Ces exemples rappellent que les rongeurs ne sont pas seulement une nuisance domestique : ils constituent un réservoir permanent de maladies capables de se transmettre à grande échelle, notamment là où la prévention est difficile.

Pour en savoir plus, n’hésitez pas à vous référer aux liens suivants :

https://oar.icrisat.org/10973/

https://www.researchgate.net/publication/301218785_Postharvest_impacts_of_rodents_in_Myanmar_how_much_rice_do_they_eat_and_damage

https://journals.plos.org/plosone/article?id=10.1371/journal.pone.0255372

Pourquoi une vulnérabilité accrue dans les pays en développement ?

Dans de nombreux pays en développement, les conditions locales favorisent la présence et la prolifération des rongeurs nuisibles :
Une urbanisation rapide et désorganisée
Dans les grandes villes des pays en développement, la croissance démographique dépasse les capacités d’aménagement. Des quartiers entiers poussent sans planification, avec des habitations précaires, des espaces abandonnés et des décharges à ciel ouvert. Ces environnements sont idéaux pour les rongeurs, qui y trouvent nourriture, abri et absence de prédateurs. L’absence d’égouts, de gestion des eaux usées ou d’entretien des espaces publics permet aux populations de rats et de souris de proliférer en toute discrétion, jusque dans les habitations.

Une gestion des déchets déficiente
La collecte des ordures est irrégulière voire inexistante dans certaines zones rurales. Les déchets alimentaires s’accumulent dans les rues, les fossés, ou près des cours d’eau, ce qui alimente directement les colonies de rongeurs. Sans tri, sans compostage, sans enfouissement sanitaire, ces déchets deviennent une source permanente de nourriture, particulièrement en milieu urbain.

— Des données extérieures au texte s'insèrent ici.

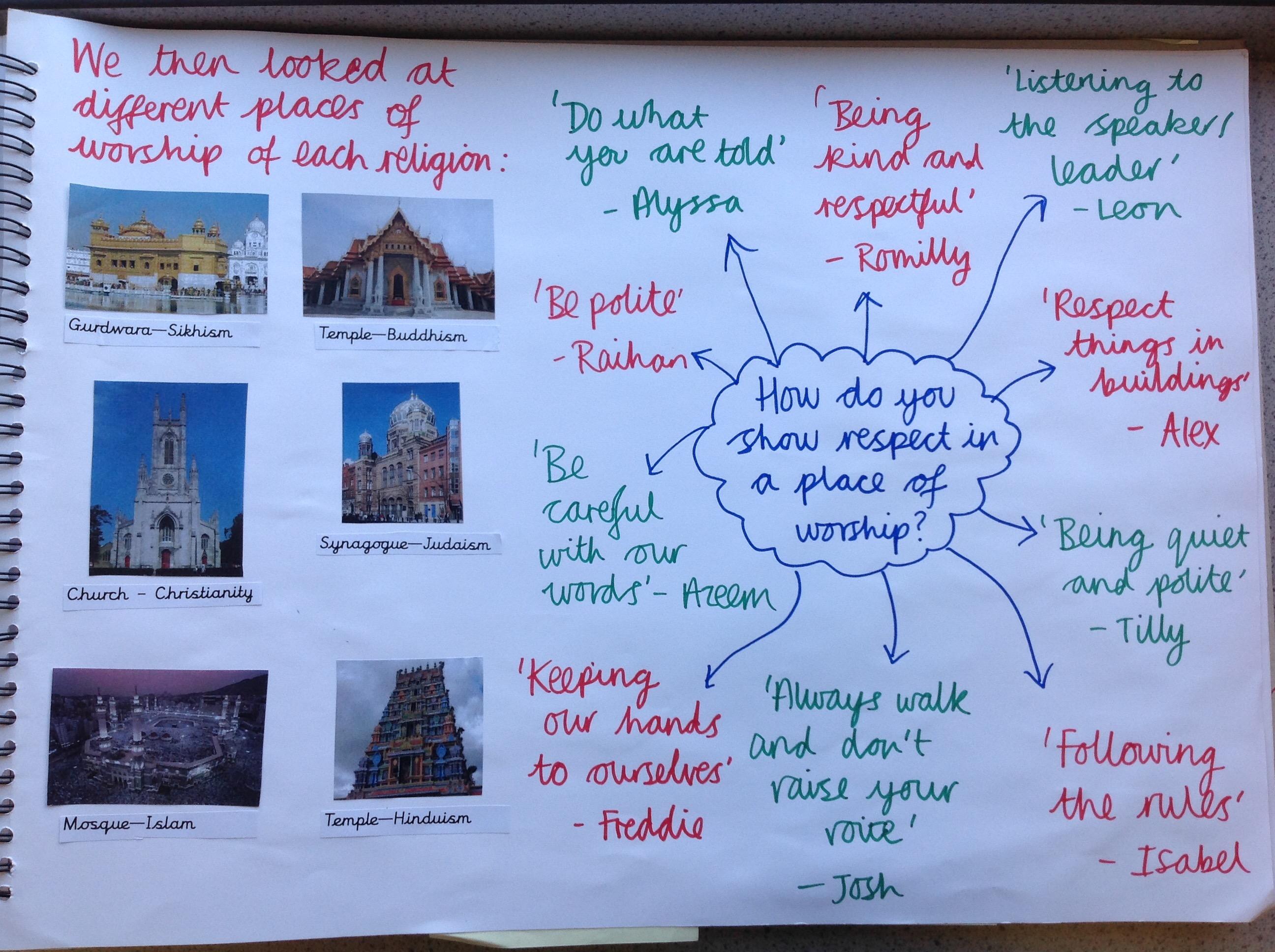 In Week 4, we have been learning about different places of worship. We started off by discussing how to show respect in a place of worship and came up with some fantastic ideas, as shown below! We are looking forward to learning more about Sikhism and their place of worship - a Gurdwara.

Des infrastructures inadaptées
Les structures de stockage des denrées alimentaires – qu’elles soient familiales ou publiques – sont souvent construites avec des matériaux peu durables. Toits en tôle mal fixée, murs percés, absence de ventilation ou de protections physiques : tout cela laisse le champ libre aux rongeurs. L’humidité, la chaleur, et la densité excessive des denrées stockées accélèrent la dégradation et rendent les lieux encore plus propices aux infestations. Dans les entrepôts portuaires ou les centres de distribution, l’absence de plan de lutte intégrée contre les nuisibles laisse les stocks vulnérables à des attaques de grande ampleur.

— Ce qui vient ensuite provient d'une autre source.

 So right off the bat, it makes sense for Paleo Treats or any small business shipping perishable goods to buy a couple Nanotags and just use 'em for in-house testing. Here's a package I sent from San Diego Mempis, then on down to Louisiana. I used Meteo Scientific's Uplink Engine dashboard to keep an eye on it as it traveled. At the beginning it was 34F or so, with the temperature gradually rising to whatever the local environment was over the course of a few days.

Des moyens de lutte limités
Dans les exploitations agricoles, les outils disponibles sont souvent rudimentaires : pièges artisanaux, poisons de fabrication locale, ou simples bâtons. Ces méthodes sont peu efficaces à grande échelle. Les produits professionnels sont coûteux, mal distribués, voire absents des circuits locaux. Quant aux campagnes d’information, elles sont quasi inexistantes, malgré les conséquences importantes des invasions de rongeurs sur l’économie locale.

Une prévention sanitaire insuffisante
Le contact quotidien avec les rongeurs accroît les risques de transmission de maladies. Mais les systèmes de santé fragiles empêchent souvent une réponse rapide. Manque de personnel, pénurie de médicaments, diagnostics tardifs ou absents : les maladies zoonotiques comme la leptospirose ou la fièvre de Lassa sont mal détectées et peu déclarées, ce qui favorise leur propagation.

Souvent négligés, les rongeurs représentent une menace sérieuse pour la sécurité alimentaire et la santé publique dans les pays en développement. Il est temps de reconnaître l’ampleur du problème et d’y répondre par des actions ciblées.